Earlier Percentile Concerns (basepaws):

I think Bastu may also provide a good example of why you may not want to use the percentile rankings in the basepaws results:



When you view the segments, there is more genome-wide predictions with the Maine Coon (and I think that may also be a better match for her M3 long-haired variant and the custom re-analysis that I performed), even though the percentile was lower than the Norwegian Forest Cat.  On the other hand, this may mean others are more likely to have false positives for Maine Coon ancestry segments?

Screenshot for Earlier Interface (Optimal Selection / Wisdom Panel):





There used to be a  "public" list of cats and their results (after you have ordered a kit, I think you could use this link).  For example, you could see what purebred cat reports look like this way.  Likewise, I made Bastu's result public, and you could view that here (completely public, without requiring a sign-in).

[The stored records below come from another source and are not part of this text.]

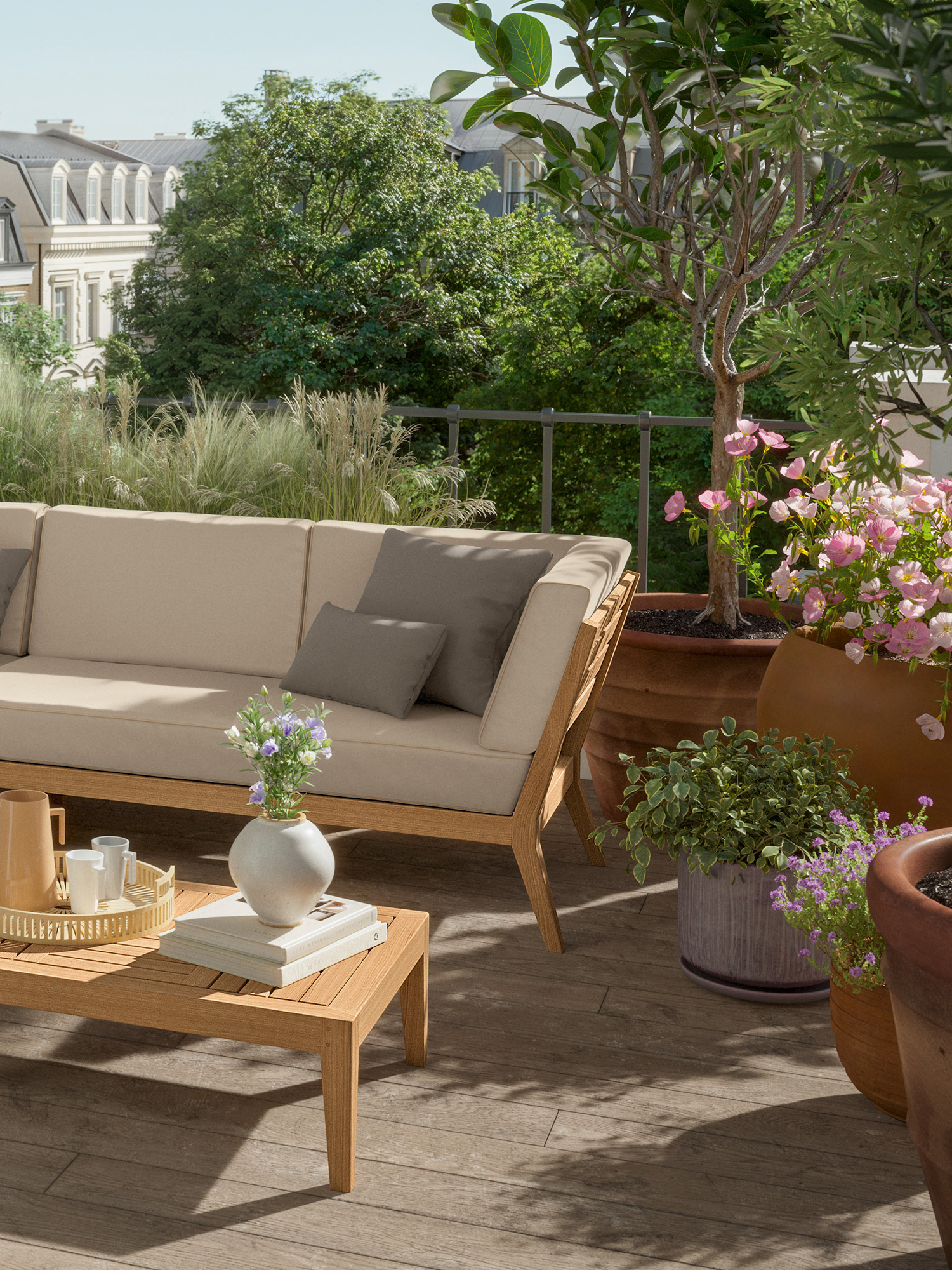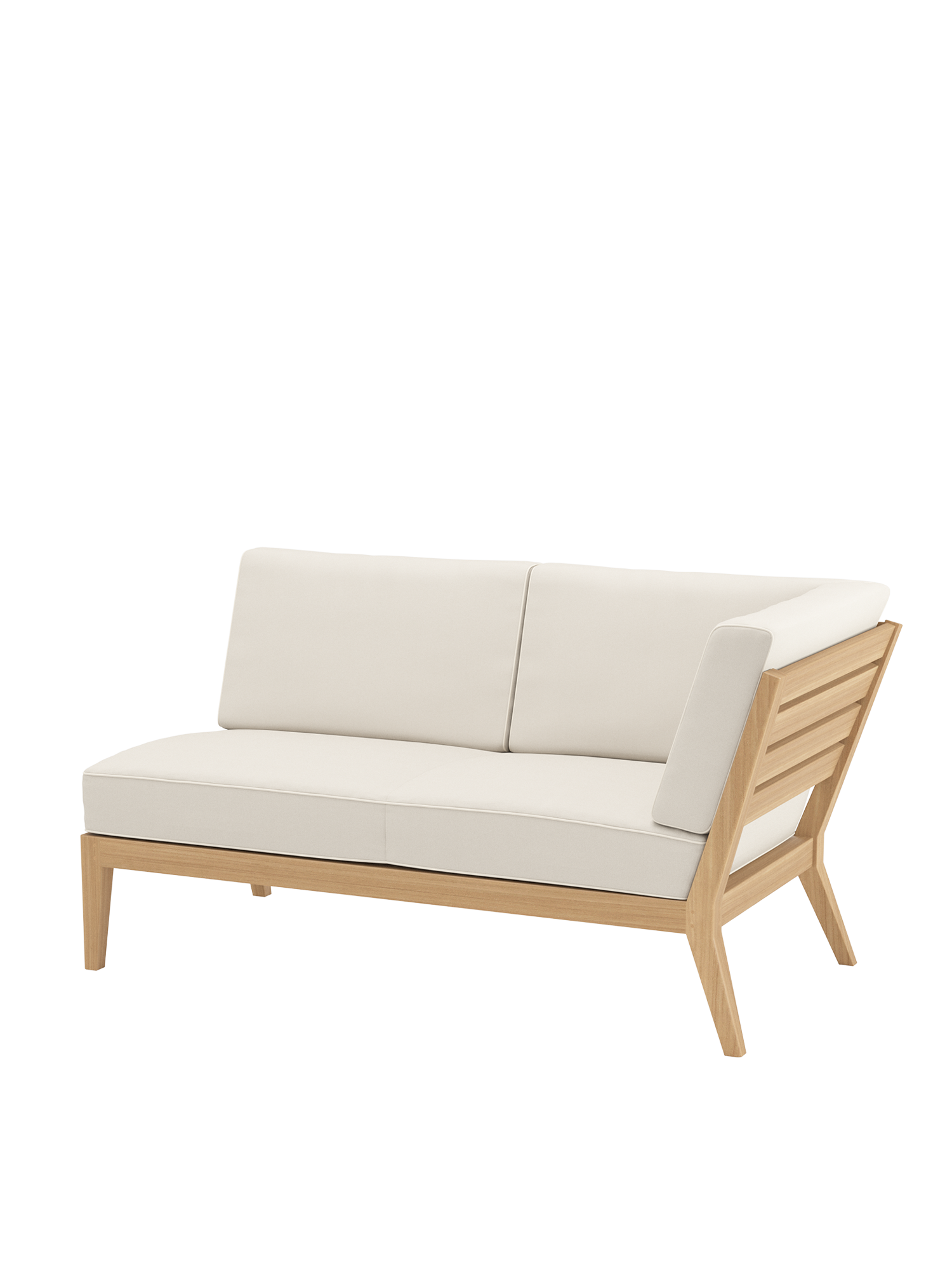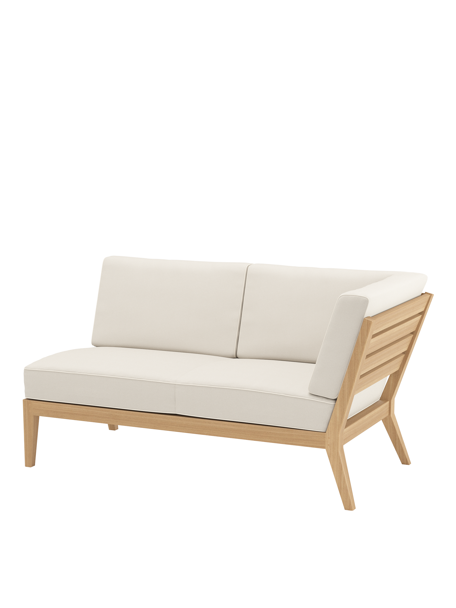 Am Ufer des Schwimmbeckens oder am Rand der Terrasse, auf einem Stadtbalkon oder mitten im Garten: Mit Elementen der Valencia Lounge findet ein Ruhepol in jeder luftigen Lage zur angemessenen Größe. Extra breit und besonders tief, bieten Chaiselongues, Mittelelemente und Eckmodule aus Teak mit ihren quer verlaufenden Sitz- und Rückenlehnen und ausgestellten Beinen viel Raum zum Anlehnen. Dicke, von Kedern gerahmte Polster und Federkissen in frischen Farben setzen dazu sommerliche Akzente.
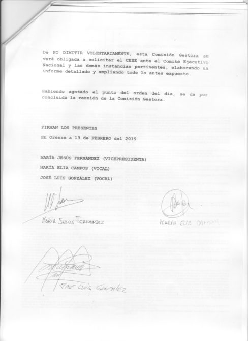 El 13 de febrero pasado, María Jesús Fernández se reunió con los dos vocales de la Comisión Gestora, María Elia Campos y José Luis González, firmando un escrito (que adjuntamos) para solicitar la dimisión y, en su defecto, el cese del presidente de la Comisión Gestora, ante el Comité Nacional.
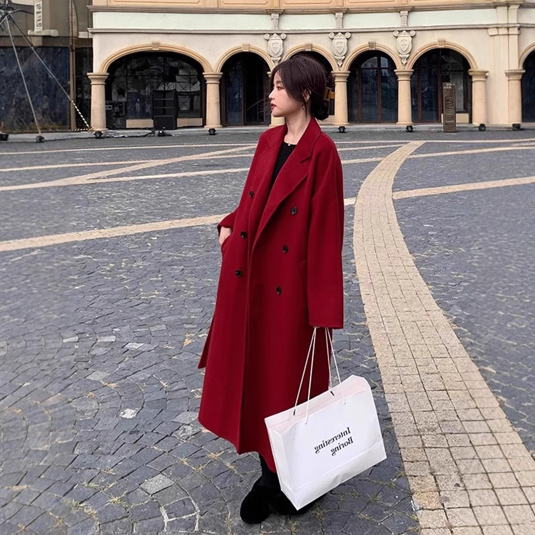 赤い中長の毛はコートの女性秋冬の韓国版chiの新型の高級感があります。
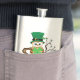 Cute barn owl wearing a green leprechaun top hat with two clovers on it.

I don't currently see this feature.  However, I hope that it is added back in.


Change Log:

12/18/2019 - public post
12/21/2019 - minor updates
12/28/2019 - revise content for clarity
1/8/2020 - add a couple more screenshots; update Bastu's report to include Amplicon-Seq disease variants
1/9/2020 - mention longer turn-around time for UC-Davis VGL; remove holiday prices for basepaws
5/8/2020 - add technical replicate results
7/6/2020 - add link to notes on especially large concerns about Savannah Exotic breed index
8/14/2020 - minor changes + remove earlier note about delay in Amplicon-Seq mutation results
8/29/2020 - add draft for submitted FDA MedWatch report
9/3/2020 - add updated technical replicates and summary
9/7/2020 - add updated technical replicates and summary
9/11/2020 - correct confident technical replicate labels and add basepaws Maine Coon maps
9/15/2020 - add Ocelot note / warning
10/6/2020 - add concern about basepaws "biome testing"
10/7/2020 - minor changes / fix typos
10/16/2020 - add regular WGS report (reorganize post now that I have 3 reports); update/check prices for all 4 options
10/17/2020 - give date instead of time for introduction (since the original post was about a year ago); minor changes + revise content to make more clear (and move points that are currently less relevant below the footnotes).
2/20/2021 - update some basepaws notes, clarifying my opinion and adding examples for metagenomic application
2/21/2021 - minor changes + substantial extra information for dental disease
2/22/2021 - minor changes + additional disease prevalence link
2/26/2021 - add link to acknowledge need to say "consumer"
2/27/2021 - add link to VOHC
3/4/2021 - add link to FDA veterinary adverse event reporting
3/5/2021 - add link with FDA veterinary limits
3/14/2021 - add link to newer blog post
7/19/2021 - update link / posts
4/16/2023 - add link to alternative, independent YouTube assessment; formatting change when describing earlier format for Optimal Selection results.

6 comments:

  1. Nice Post...


    I'm having very interesting information regarding Sphynx Kittens for Sale

    ReplyDelete

  2. Another component of cat sealing your house is giving the little cat a protected spot to be. This need not be a whole room, however it should be tranquil and shut off from different creatures. Following a couple of days, give the cat and different creatures some firmly directed opportunity to acclimate. my cat backpack

    ReplyDelete
  3. this is really nice to read..informative post is very good to read..thanks a lot! MINSKIN CAT

    ReplyDelete
  4. Thanks for taking the time to discuss this, I feel strongly about it and love learning more on this topic. If possible, as you gain expertise, would you mind updating your blog with extra information? It is extremely helpful for me. Best Cat supplies

    ReplyDelete
  5. Available as an electric diffuser and a spray, Feliway helps the them to adjust to its new surroundings and reduces the confusion and stress. The Cat site Shop

    ReplyDelete
  6. This comment has been removed by a blog administrator.

    ReplyDelete

 
Creative Commons License
My Biomedical Informatics Blog by Charles Warden is licensed under a Creative Commons Attribution-NonCommercial-NoDerivs 3.0 United States License.